Teenage boy on laptop and phoneAhead of her talk at IATEFL 2011 in Brighton entitled ‘Getting students into extensive reading painlessly: A threefold solution’, Sue Parminter, series co-editor of the Dominoes Readers series, considers how to get today’s tech-savvy teenagers reading books.

What do you take with you when you travel alone by plane? I have a hunch the answer to this question reveals lots about us. I never get on even a short-haul flight without a book to read: I guess having a paperback in my hand also reassures me that I won’t need to bury my nose in the in-flight magazine in order to escape from tedious conversations with over-chatty people who might be in the seats next to mine. When my kids were young, our in-flight bags invariably bulged with colouring books and crayons, replaced – as the kids aged – by hand-held computer game consoles, and latterly by iPods, crammed to bursting with music and films.
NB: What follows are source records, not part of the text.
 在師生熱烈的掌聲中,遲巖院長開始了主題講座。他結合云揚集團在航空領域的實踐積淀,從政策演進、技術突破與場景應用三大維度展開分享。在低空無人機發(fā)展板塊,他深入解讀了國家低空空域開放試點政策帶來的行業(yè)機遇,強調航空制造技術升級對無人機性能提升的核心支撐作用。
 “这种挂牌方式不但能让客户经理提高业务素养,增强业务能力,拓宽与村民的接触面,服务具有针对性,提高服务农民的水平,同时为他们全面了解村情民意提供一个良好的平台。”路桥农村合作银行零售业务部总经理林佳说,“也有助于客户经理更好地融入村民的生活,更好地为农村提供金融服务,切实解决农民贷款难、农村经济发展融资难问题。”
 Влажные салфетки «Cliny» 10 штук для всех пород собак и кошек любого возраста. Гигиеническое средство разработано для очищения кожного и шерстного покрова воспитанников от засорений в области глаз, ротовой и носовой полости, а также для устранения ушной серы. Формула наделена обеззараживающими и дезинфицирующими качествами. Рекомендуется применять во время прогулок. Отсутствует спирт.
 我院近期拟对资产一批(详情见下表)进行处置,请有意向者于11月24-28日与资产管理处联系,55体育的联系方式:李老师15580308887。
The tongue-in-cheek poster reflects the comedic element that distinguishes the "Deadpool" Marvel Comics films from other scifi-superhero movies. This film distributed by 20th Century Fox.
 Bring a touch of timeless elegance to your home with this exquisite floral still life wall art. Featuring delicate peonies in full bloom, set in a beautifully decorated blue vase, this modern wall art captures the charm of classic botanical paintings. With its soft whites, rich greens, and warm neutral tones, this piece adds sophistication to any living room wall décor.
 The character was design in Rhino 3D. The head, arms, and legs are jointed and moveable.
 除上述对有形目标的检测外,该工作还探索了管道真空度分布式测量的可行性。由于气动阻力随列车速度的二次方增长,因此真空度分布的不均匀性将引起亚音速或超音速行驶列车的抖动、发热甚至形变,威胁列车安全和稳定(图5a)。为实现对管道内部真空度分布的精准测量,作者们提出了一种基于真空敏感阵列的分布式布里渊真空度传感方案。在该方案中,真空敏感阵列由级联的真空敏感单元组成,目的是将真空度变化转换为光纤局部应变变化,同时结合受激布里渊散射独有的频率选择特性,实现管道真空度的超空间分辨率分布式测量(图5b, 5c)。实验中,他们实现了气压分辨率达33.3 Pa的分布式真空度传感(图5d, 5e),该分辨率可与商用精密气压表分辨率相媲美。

A couple of weeks ago, I was sitting on a plane with a book in my hands, letting my thoughts drift, when my pleasant daydreams were rudely interrupted by a boy of about thirteen moaning to his parents in the row behind mine. He’d been perfectly happy when I’d followed them up the stairs onto the plane, earphone attached to his android mobile, tapping out text on the screen faster than I can type on a regular computer keyboard. The cause of his sudden fury was the safety instruction to turn off all electronic equipment, forcing him to enter into reluctant, monosyllabic conversation with his parents while the plane taxied and took off.

His reaction brought home to me the parallels between my addiction to words on a paper page and a teenager’s dependence on the small screen. Although I find it fascinating to play with an iPad, turning digital pages at the swipe of a finger and marvelling at how ‘real’ they look, I’m a bit too old to transfer my passion for paper text to the screen version. For me, the traditional bookworm, it’s a technological gulf as hard to cross as it must be for ‘digital natives’ to feel passionate about reading books, especially school books in a language not their own.

It is really vital – I feel – for us English language teachers not to underestimate how wide this ‘digital native-print native’ divide is, and how much we need to do in order to bridge it.  But there’s one aspect of the small LCD screens that have invaded our world in recent years that we can also be grateful for. Ten years ago, studies of how teenagers spent their time shocked us when they itemized all the hours spent in front of television sets. Nowadays the balance has tilted away from the passive watching of larger screens to interacting in various ways with smaller ones, and this quantum shift towards interactivity makes a significant difference.